(Work instruction)
Output the exact lines that start at the one containing "在堵口作業(yè)現(xià" and continue to the last line of the entries below; do not output pictures.

(Material for the task)
= = = =

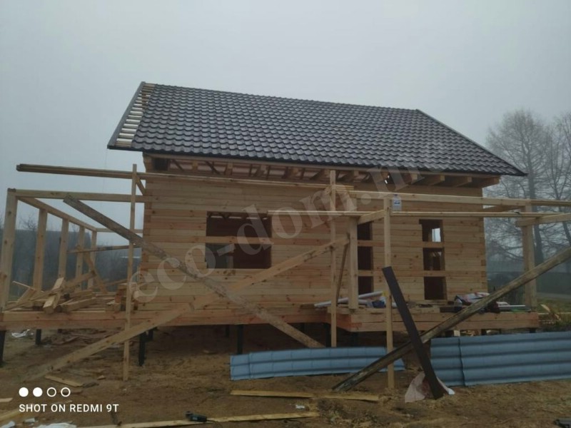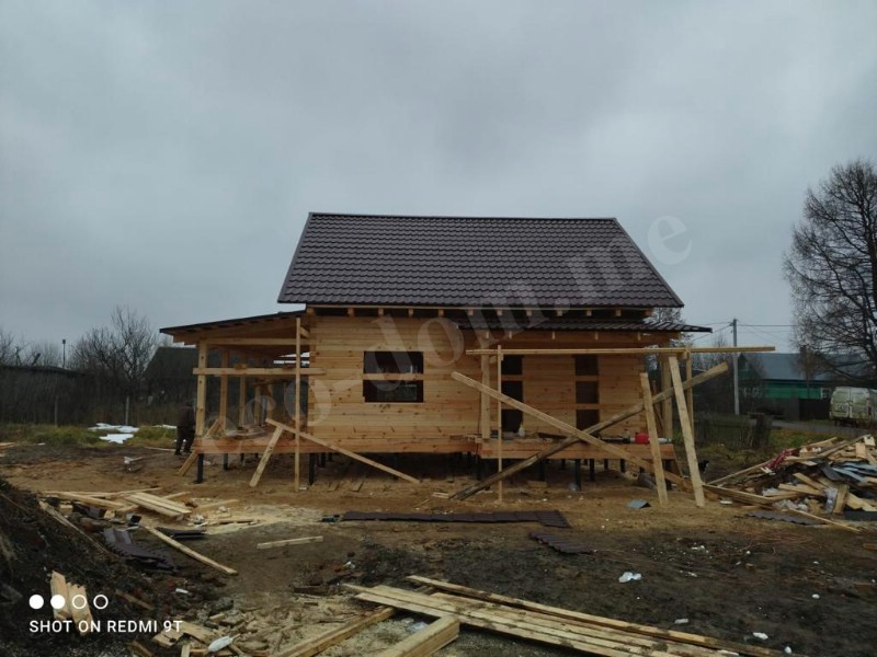 МО Волоколамск д.Чертаново дом из профилированного бруса 145*145 мм естественной влажности по индивидуальному проекту (8*8)метра,с жилой мансардой.
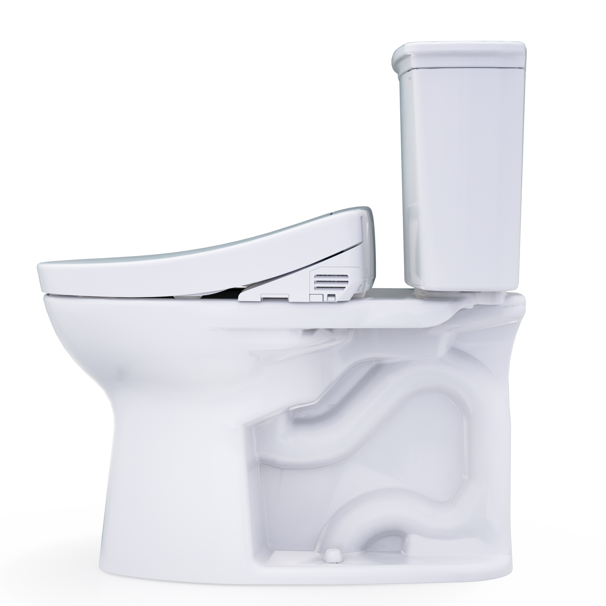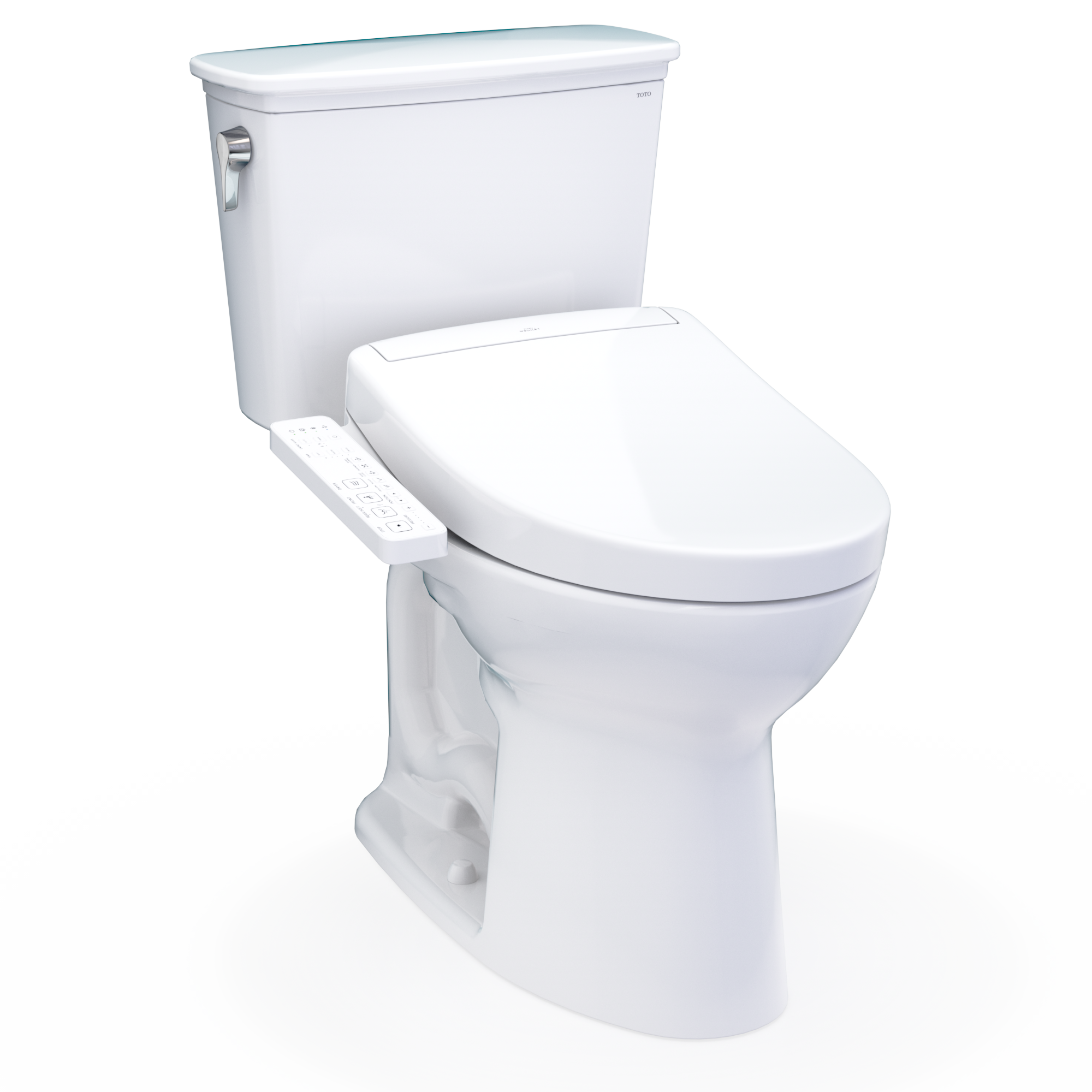 The TOTO® Drake® Transitional WASHLET®+ Two-Piece Elongated 1.28 GPF Universal Height TORNADO FLUSH® Toilet with S2 Bidet Seat is designed to conceal the WASHLET power cord and water supply hose for a seamless installation. Part of the newly redesigned S series, the WASHLET S2 features a built in night light, a soft rear spray, rear cleanse, and front cleanse with the option of an oscillating stream. The temperature and pressure of the water are adjustable with three temperature settings and five pressure settings. The controls are located on a convenient arm control panel. PREMIST® wets the surface of the toilet bowl, aiding in the removal of waste and resulting in a better clean. The S2 model utilizes TOTO's EWATER+® system when the wand self-cleans. EWATER+ transforms the water into a safe and powerful compound, creating peace of mind by cleaning the inside and outside of the wand before and after every use. The WASHLET features a heated SoftClose seat with three temperature settings. The Drake toilet features TOTO’s TORNADO FLUSH®, a rimless, hole-free design with dual-nozzles that creates a centrifugal washing action that assists in rinsing the bowl more efficiently. This version of the TOTO Drake includes CEFIONTECT®, a layer of exceptionally smooth glaze that minimizes waste from sticking to the ceramic. CEFIONTECT, coupled with PREMIST® and TORNADO FLUSH, assists to reduce the frequency of toilet cleanings, minimizing the usage of water, harsh chemicals, and time required for cleaning. This version of the TOTO Drake is designed in TOTO’s Universal Height, which allows for a more comfortable seat position across a wide range of users. This WASHLET+ toilet includes the WASHLET, Drake bowl and tank set with hardware, and toilet bolt caps. Compatible with T40 WASHLET+ electronic bidet seat and toilet bowl components only. Additional items needed for installation must be purchased separately: wax ring, toilet mounting bolts, and toilet water supply lines.
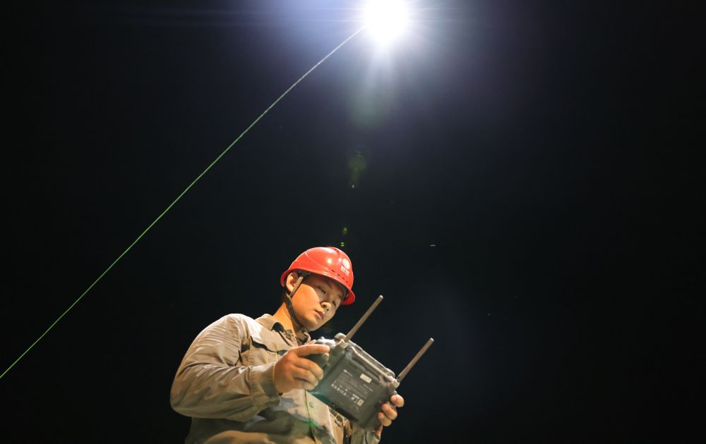 在堵口作業(yè)現(xiàn)場,劉子翔負(fù)責(zé)操作系留式無人機(jī),為施工人員提供夜間照明。他時刻注意風(fēng)向、風(fēng)速,根據(jù)施工人員的需求,及時調(diào)整無人機(jī)的位置,確?!罢盏靡?、照得亮”。
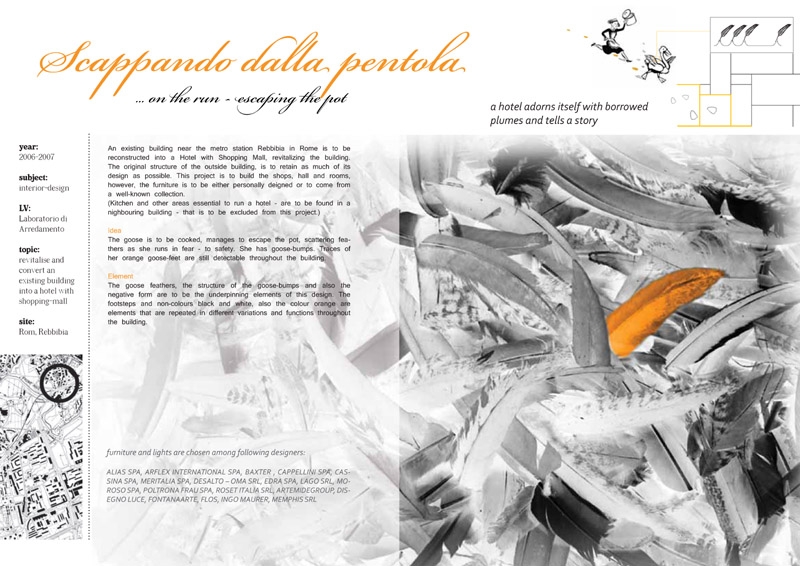 羅馬Rebbibia 地鐵站附近的建筑將被改建成一個集購物的大酒店。盡可能的多保留要有建筑風貌。項目要求設立商店,大廳,客房,甚至里面的家具都有親自選擇,組成一個明了的整體。(廚房和其它功能的設計體現,在這個項目中未被要求考慮)
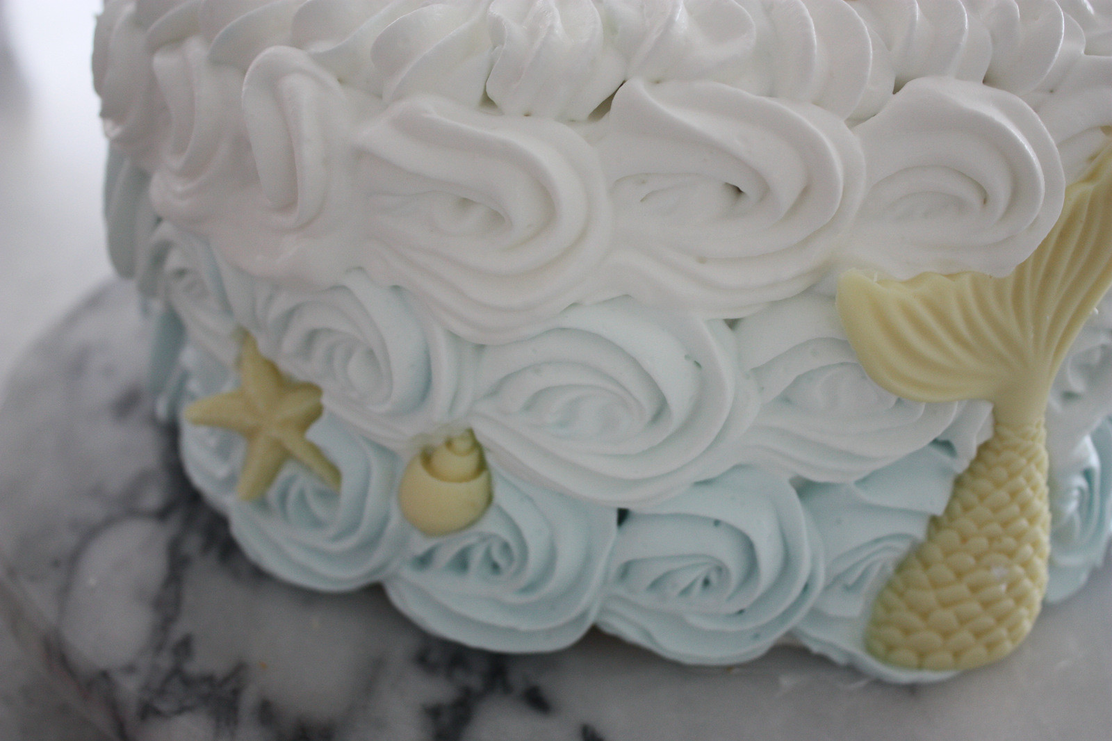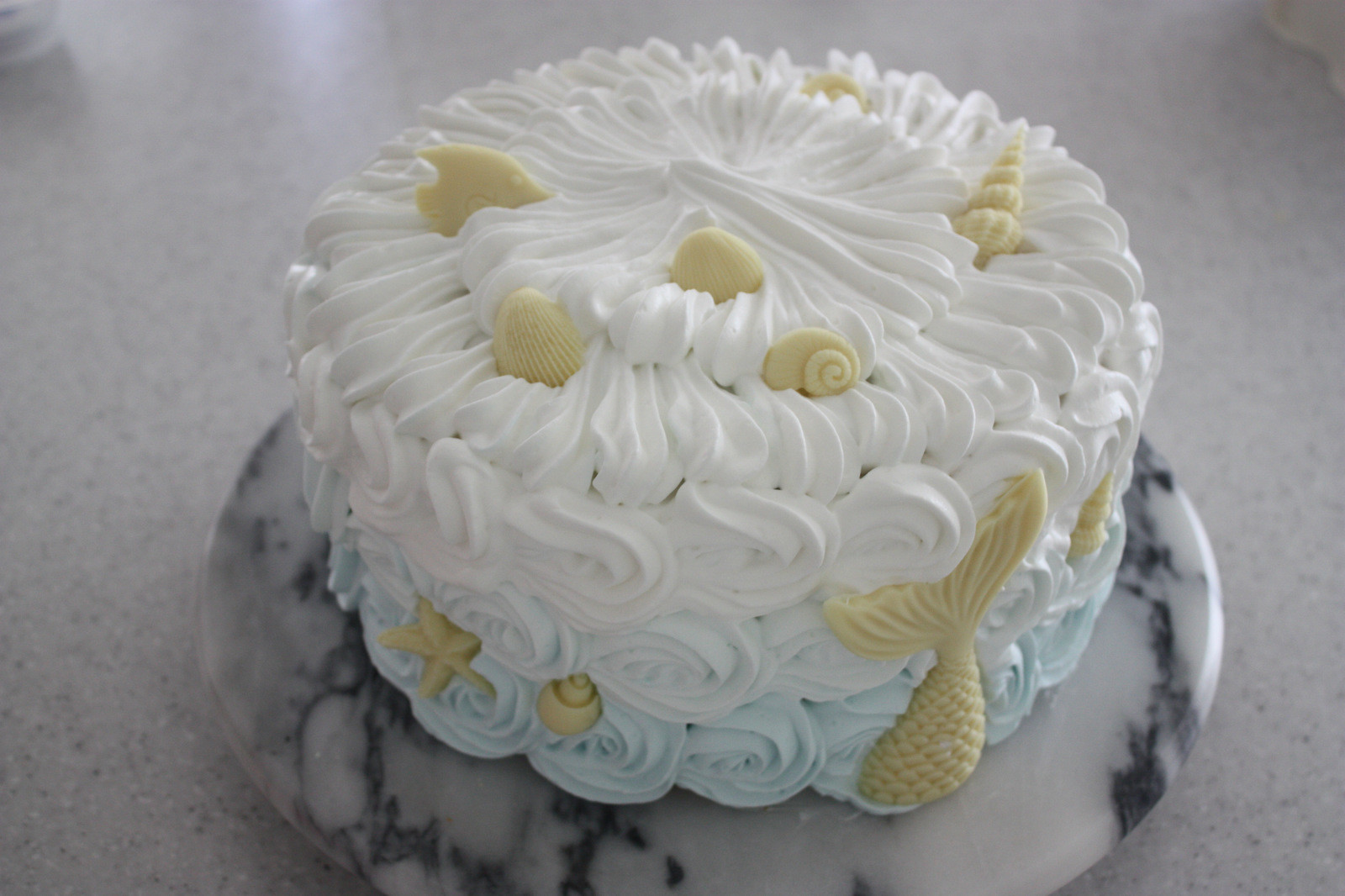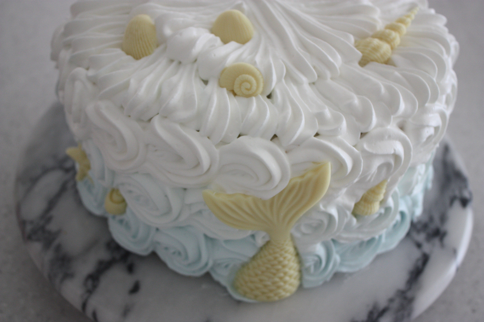 海からあがったばかりのようなケーキに、お好みでマーメイド小物をさらに乗せたら完成。ソイクリームを使ったヘルシーでシンプルな仕上がりのケーキです。

= = = =

(Task result)
 在堵口作業(yè)現(xiàn)場,劉子翔負(fù)責(zé)操作系留式無人機(jī),為施工人員提供夜間照明。他時刻注意風(fēng)向、風(fēng)速,根據(jù)施工人員的需求,及時調(diào)整無人機(jī)的位置,確?!罢盏靡?、照得亮”。
 羅馬Rebbibia 地鐵站附近的建筑將被改建成一個集購物的大酒店。盡可能的多保留要有建筑風貌。項目要求設立商店,大廳,客房,甚至里面的家具都有親自選擇,組成一個明了的整體。(廚房和其它功能的設計體現,在這個項目中未被要求考慮)
 海からあがったばかりのようなケーキに、お好みでマーメイド小物をさらに乗せたら完成。ソイクリームを使ったヘルシーでシンプルな仕上がりのケーキです。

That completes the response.